#### [What the exercise asks]
Copy out exactly, from the entries that follow, the line holding "Familiares e amigos", the line holding "Enhance your exterior", and all lines between them, but no pictures.

#### [Exercise material]
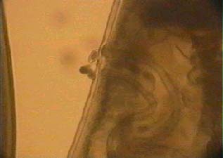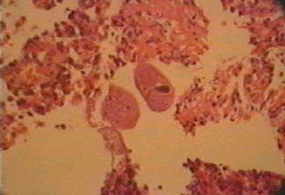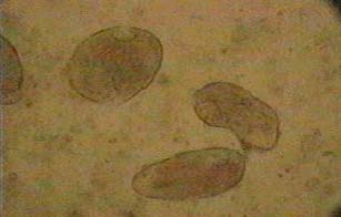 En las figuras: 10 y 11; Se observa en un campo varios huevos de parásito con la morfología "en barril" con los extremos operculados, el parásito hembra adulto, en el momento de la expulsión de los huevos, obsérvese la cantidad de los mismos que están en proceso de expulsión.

==

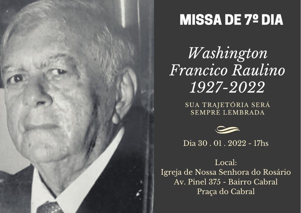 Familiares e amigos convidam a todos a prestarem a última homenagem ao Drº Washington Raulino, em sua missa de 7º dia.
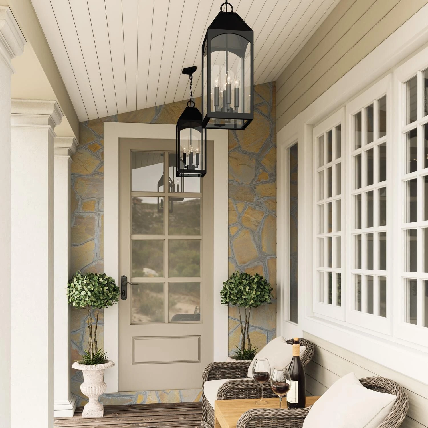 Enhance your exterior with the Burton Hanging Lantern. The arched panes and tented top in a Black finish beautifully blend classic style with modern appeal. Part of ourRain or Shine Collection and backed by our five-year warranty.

#### [Answer for this exercise]
 Familiares e amigos convidam a todos a prestarem a última homenagem ao Drº Washington Raulino, em sua missa de 7º dia.
 Enhance your exterior with the Burton Hanging Lantern. The arched panes and tented top in a Black finish beautifully blend classic style with modern appeal. Part of ourRain or Shine Collection and backed by our five-year warranty.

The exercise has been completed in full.